This subchapter applies solely to cases brought to determine the validity of post-seizure retention of vehicles by the Police Department or other agency as evidence or for prospective or pending actions to forfeit such vehicles. Chapter 1 of this title also applies to such cases except to the extent that it is inconsistent with this subchapter. Cases concerning retention of vehicles seized as evidence or for prospective or pending actions to forfeit such vehicles pursuant to § 14-140 of the New York City Administrative Code shall also be governed by Krimstock v.
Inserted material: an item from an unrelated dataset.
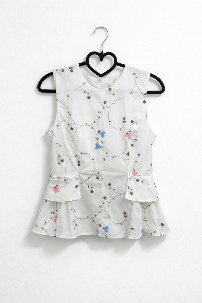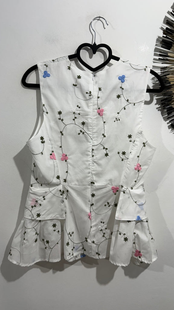 Top de algodón en color blanco, completamente bordado a mano en parte delantera y trasera. Tiene volantes tipo Plumb a los laterales. No tiene el asta. Tiene cuello redondo y cierre de cremallera en parte trasera.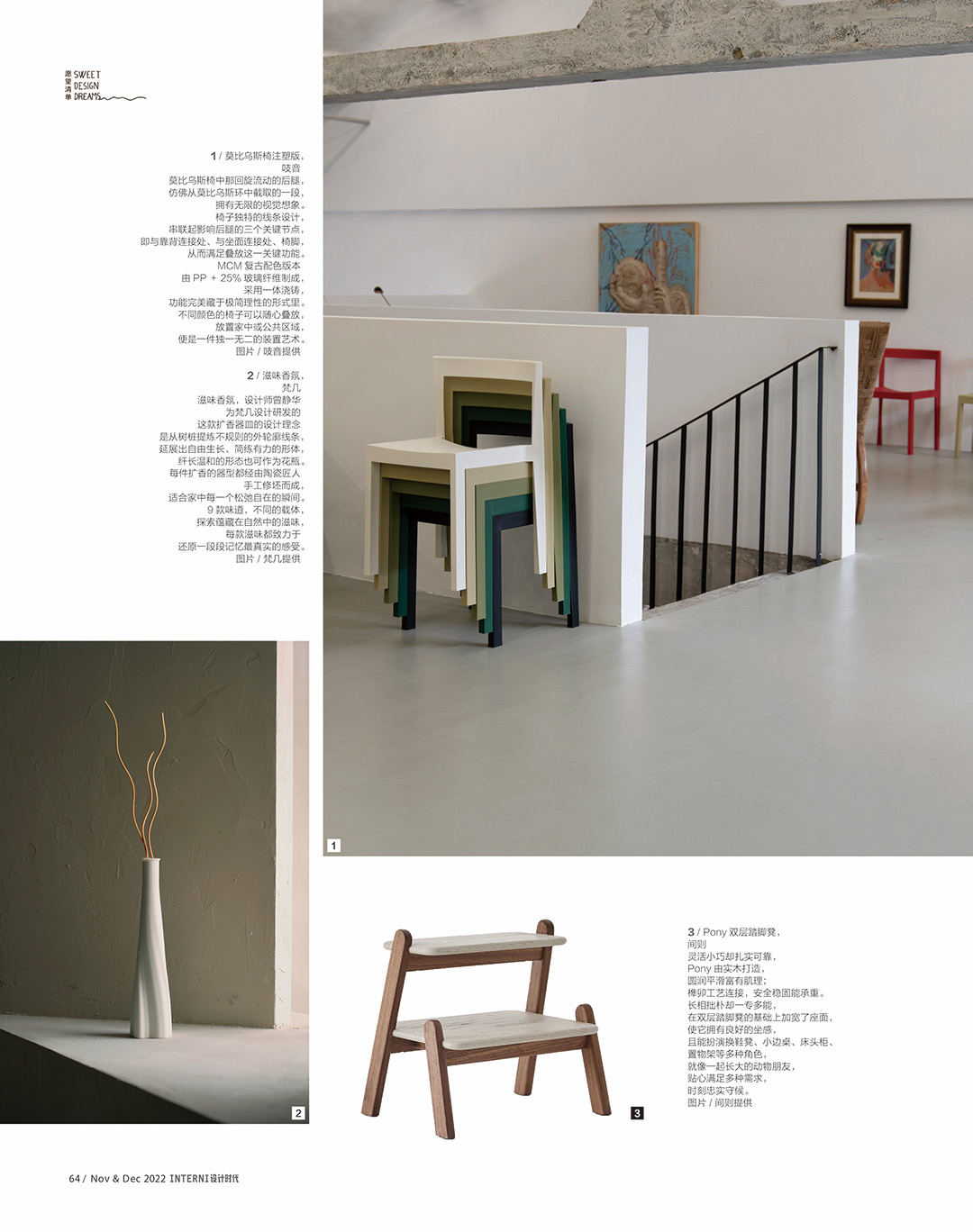 在间则的原创设计作品Yǎng Chair与Pat-Pat Stool入选《INTERNI》2021年度「愿望清单」后,Pony Step Stool也被收入2022年的「愿望清单」。

Kelly, 99 Civ. 12041 (MBM), amended order and judgment (S.D.N.Y. Jan. 22, 2004), and any amendments, modifications and revisions thereof.
For purposes of this subchapter, the agency seeking to retain the vehicle will be the petitioner, and the claimant to the vehicle will be the respondent, as defined in § 1-01 of this title.
(a) The time provided in § 1-26(d) for service of the notice of trial does not apply.
(b) Notwithstanding § 1-24 of this title, the respondent may serve and file an answer at any time until the commencement of the hearing.
A motion by the petitioner, after the conclusion of the respondent's evidence, for a continuance of trial to present rebuttal evidence in the form of testimony from witnesses not called on the petitioner's case-in-chief, may be granted for good cause shown.
Pursuant to § 1-45 of this title, where an owner of a vehicle fails to appear for trial, having been properly served with required notices, the petitioner need not prove that such owner "permitted or suffered" the allegedly illegal use of the seized vehicle.
Go Here for Annotation 2-45
Notwithstanding § 1-51 of this title, the recording of the trial or of other proceedings in the case, whether electronic or stenographic, may not be transcribed except (i) upon request and payment of reasonable transcription costs, (ii) upon direction of the administrative law judge, in his or her discretion, or (iii) as otherwise required by law.